Femore estrasse un rude coltellaccio arrugginito, intento a punire la fanciulla lì davanti a tutti, un affronto del genere non scivolava facilmente sulla suscettibile sensibilità da tagliagole di Umberto Tibia.
La ragazza gridò e abbrancò all’indietro, il colosso barbuto invece avanzava intento a sfregiarla, fu allora che un colpo di doppietta fulminò le cervella del guardiano del cimitero, che stramazzò sanguinante sul pavimento.
A sparare il colpo era stato Forgotto, accorso sul luogo avvisato da amici, una voce che aveva velocemente percorso il silenzio nebbioso dei campi e delle poche case.
In seguito alla morte di quel losco uomo incrostato di sangue, subito dopo i sanguinosi eventi avvenuti all’osteria, quella stessa notte, Emanuela spirò per ignote cause, forse distrutta dall’incarcerazione del suo promesso, condannato per omicidio a svariati anni di carcere.
Alla tragedia seguì la calma, Pasquale il becchino aveva seppellito Tibia e si diceva che il furfante avesse addirittura approfittato di quei resti.
Fu nella notte di Natale di quell’anno che ogni cittadino fu mosso dall’inquietudine; Arturo Lacroce era stato nuovamente visto nel cimitero, a tarda notte, e questa volta, accompagnato da una donna, lo spettro seducente che forse aveva sempre cercato nei campi al crepuscolo.
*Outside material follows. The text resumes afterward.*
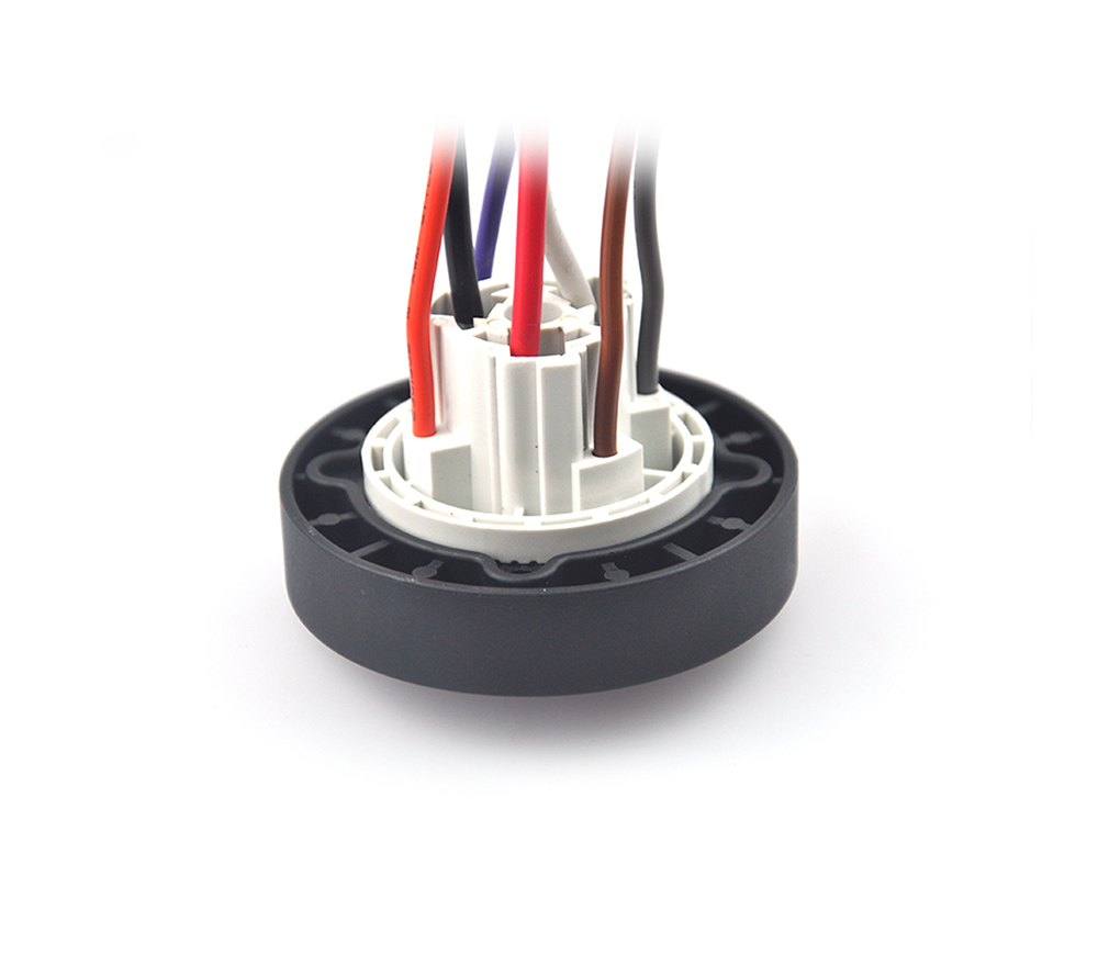 通用千道路和區(qū)域照明的ANSI Cl 36.41-2013調(diào)光插座的應(yīng)用要求。所有觸點預(yù)先安裝在插座外殼中,預(yù)裝30CM導(dǎo)線,在三條線路電壓交流電路上使用14AWG電源線,在四路信號調(diào)光控制中使用18AWG電源線。應(yīng)用環(huán)境溫度-40℃—70 °C ,適合戶外各種溫度要求的燈具。插座組件為4個調(diào)光觸點。

Alla messa di mezzanotte, nella bufera tagliente, Pasquale Tarcasto sfondò la porta della chiesa, mutilato di una mano e strisciante avanzava destando lo sgomento della comunità radunata in quella magica notte a celebrare la nascita del Salvatore.
Invece in quella notte un orrore in spoglie umane avanzava spargendo in terra il proprio sangue, mentre fuori la gelida notte ululava con l’impeto di chi cerca vendetta.
Don Gerardo, il parroco, fu il più risolutivo, fracassò la testa di Pasquale mediante un candelabro, urlando con isteria:
“Via di qui, niente sangue in questo luogo, soprattutto in questa notte!!”
Dopo quella sanguinosa, strana notte, le voci furono tante, coloro che avevano visto Lacroce al cimitero tacquero per l’insolita paura di attirare su di loro la stessa sorte del becchino, che si era forse recato in chiesa al fine di denunciare pubblicamente, in un eccesso di redenzione, la esecrabile condotta dell’amico, poi ferocemente punito prima di poter rivelare fatto alcuno.
La cosa che rimaneva inspiegabile era l’attacco di violenza scaturito dal pio Don Gerardo.
Fu in quell’epoca che in paese si trasferì Luigi Prestizzi, eccentrico intellettuale esiliatosi in una villa isolata, a est dell’agglomerato di case.
Il giovane, di un pallore cadaverico, scendeva di rado in paese, infatti quando non lo si scorgeva errare in furiose cavalcate notturne, lo si vedeva in farmacia, allo scopo di procurarsi erbe e miscele chimiche, unite a grandi quantità di laudano, di cui faceva un largo uso su se stesso, ipotesi che appariva chiara scorgendo le sue fattezze emaciate tipiche dell’individuo allucinato.
Grande studioso di occulto, costui fu subito affascinato dagli eventi di cui ebbe sentito dire in paese.
Si recò subito da Don Gerardo che lo accolse con cordialità.
“Cosa pensa di questi grotteschi fatti padre? Crede che siano favole dalle tetre tinte o tremende verità?”
“Io so solo che non riconobbi quel corpo scempiato quella notte, pensavo fosse un orribile creatura di natura blasfema!”
“Ebbene Padre, lei crede in una sorta di presenza diabolica?”
Gli occhi di Prestizzi si illuminarono di perversi lucori ora che il parroco toccava determinati argomenti a lui cari.
“Certo quanto accaduto non è stata opera di Dio non crede? Il becchino è stato dilaniato, una mano gli è stata amputata e non è stata ritrovata in alcun luogo, eppure è stata setacciata la pista in cui sono avvenute le brutalità!”
“La pista?” Prestizzi si sporse in avanti incuriosito.
“Sì, sembra che Tarcasto sia stato inseguito nel bosco e sia stato braccato ferocemente, su alcuni cespugli sono stati ritrovati ampi spruzzi di sangue!”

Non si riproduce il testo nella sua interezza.